[Opening ENTRIES SUPPLIED section]
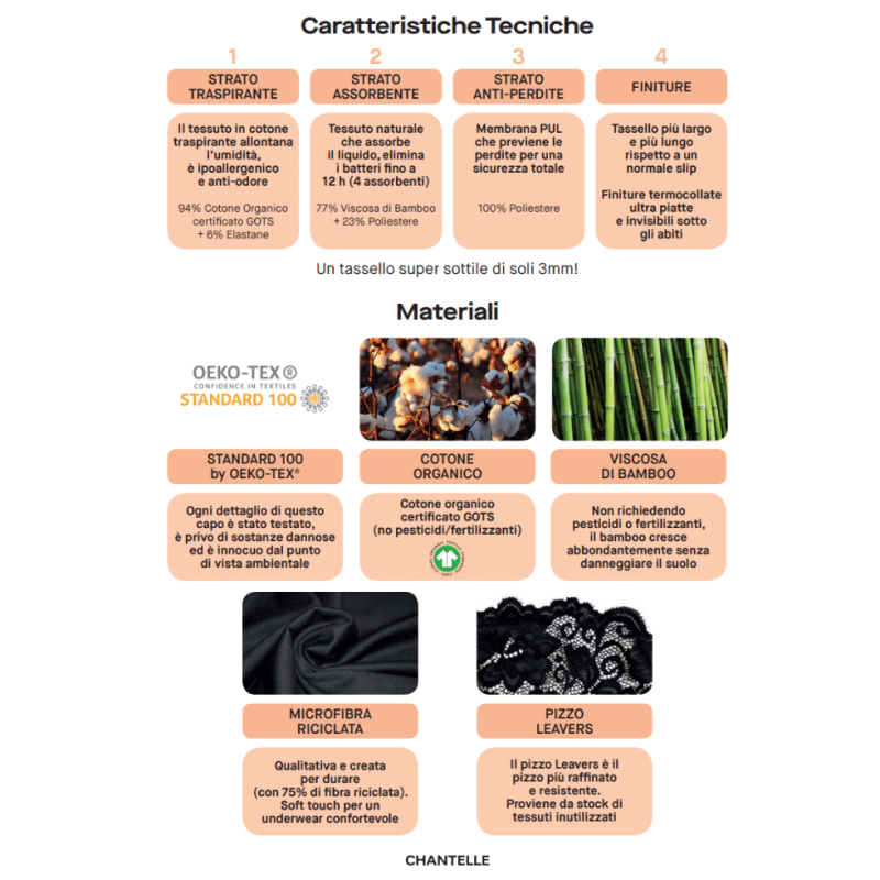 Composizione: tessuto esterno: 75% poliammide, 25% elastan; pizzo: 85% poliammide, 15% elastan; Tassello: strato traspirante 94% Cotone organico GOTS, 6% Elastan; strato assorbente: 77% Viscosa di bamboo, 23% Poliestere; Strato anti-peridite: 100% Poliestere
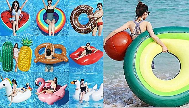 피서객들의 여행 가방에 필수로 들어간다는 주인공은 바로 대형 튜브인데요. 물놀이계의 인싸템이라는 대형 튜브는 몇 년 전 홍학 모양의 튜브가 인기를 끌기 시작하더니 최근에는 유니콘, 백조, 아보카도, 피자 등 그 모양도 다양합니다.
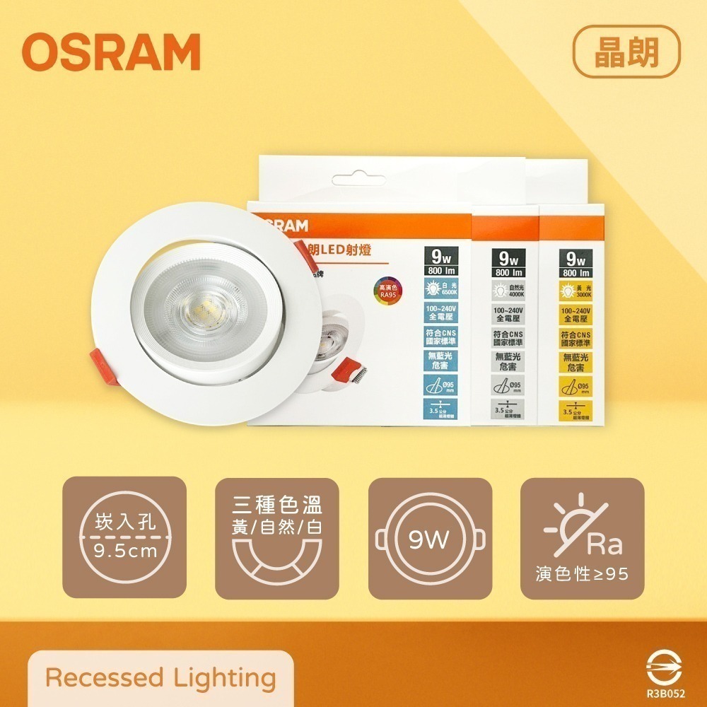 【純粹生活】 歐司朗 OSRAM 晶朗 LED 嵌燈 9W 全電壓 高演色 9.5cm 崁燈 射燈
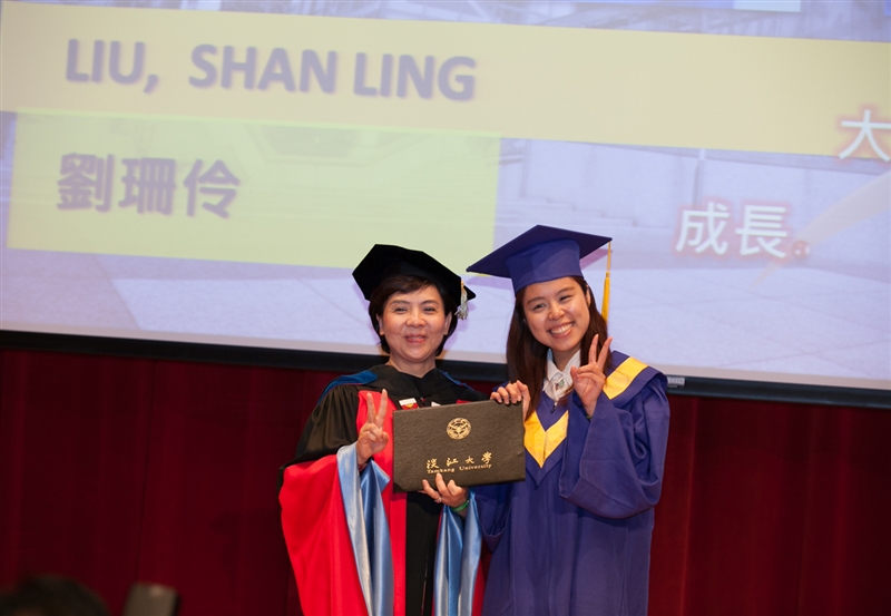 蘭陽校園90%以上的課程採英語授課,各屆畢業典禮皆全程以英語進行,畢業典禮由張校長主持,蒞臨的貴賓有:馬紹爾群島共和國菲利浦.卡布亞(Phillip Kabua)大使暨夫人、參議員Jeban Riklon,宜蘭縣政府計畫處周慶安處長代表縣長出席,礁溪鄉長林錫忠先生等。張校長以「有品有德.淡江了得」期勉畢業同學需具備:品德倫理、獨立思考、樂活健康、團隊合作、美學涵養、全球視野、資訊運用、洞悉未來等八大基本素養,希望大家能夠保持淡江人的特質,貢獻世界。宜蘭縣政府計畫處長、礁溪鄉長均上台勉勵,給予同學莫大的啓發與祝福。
[Closing ENTRIES SUPPLIED section]
[Opening ENTRIES SUPPLIED section]
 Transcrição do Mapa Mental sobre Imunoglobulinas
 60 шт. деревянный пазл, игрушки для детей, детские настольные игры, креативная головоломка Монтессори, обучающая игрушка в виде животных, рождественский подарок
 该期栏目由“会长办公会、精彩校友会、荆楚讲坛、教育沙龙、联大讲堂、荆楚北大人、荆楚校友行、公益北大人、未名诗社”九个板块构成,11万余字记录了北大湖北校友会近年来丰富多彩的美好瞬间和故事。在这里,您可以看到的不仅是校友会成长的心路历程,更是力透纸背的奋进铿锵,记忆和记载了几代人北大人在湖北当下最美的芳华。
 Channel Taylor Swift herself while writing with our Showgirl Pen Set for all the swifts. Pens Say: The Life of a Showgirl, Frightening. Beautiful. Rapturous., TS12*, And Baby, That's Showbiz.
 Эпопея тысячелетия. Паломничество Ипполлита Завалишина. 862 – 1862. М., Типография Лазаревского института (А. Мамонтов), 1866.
[Closing ENTRIES SUPPLIED section]
[Opening ENTRIES SUPPLIED section]
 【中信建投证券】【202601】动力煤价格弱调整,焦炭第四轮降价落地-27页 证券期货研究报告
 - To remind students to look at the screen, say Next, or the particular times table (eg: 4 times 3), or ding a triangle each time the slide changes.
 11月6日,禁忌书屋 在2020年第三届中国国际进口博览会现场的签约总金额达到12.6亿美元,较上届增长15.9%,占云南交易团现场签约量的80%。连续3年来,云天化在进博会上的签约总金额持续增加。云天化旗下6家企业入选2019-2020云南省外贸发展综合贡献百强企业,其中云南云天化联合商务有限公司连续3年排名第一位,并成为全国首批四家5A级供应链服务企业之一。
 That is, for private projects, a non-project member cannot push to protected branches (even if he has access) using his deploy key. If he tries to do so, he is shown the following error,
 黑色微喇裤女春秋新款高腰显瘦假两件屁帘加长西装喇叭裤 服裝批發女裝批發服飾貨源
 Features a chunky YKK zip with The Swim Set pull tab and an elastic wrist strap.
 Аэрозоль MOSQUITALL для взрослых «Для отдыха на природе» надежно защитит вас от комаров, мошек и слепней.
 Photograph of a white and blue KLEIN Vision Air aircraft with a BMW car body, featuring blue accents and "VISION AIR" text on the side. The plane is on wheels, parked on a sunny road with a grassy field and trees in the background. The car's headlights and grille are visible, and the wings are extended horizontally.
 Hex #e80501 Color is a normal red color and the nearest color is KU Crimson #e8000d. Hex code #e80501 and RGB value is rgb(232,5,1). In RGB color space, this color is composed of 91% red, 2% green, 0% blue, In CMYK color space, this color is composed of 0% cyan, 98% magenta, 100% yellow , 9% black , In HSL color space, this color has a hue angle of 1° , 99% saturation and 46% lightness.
[Closing ENTRIES SUPPLIED section]
## WHAT IS REQUIRED
What lines in the listing contain "That"? Copy them all.

## REPLY TO THE TASK
 Channel Taylor Swift herself while writing with our Showgirl Pen Set for all the swifts. Pens Say: The Life of a Showgirl, Frightening. Beautiful. Rapturous., TS12*, And Baby, That's Showbiz.
 That is, for private projects, a non-project member cannot push to protected branches (even if he has access) using his deploy key. If he tries to do so, he is shown the following error,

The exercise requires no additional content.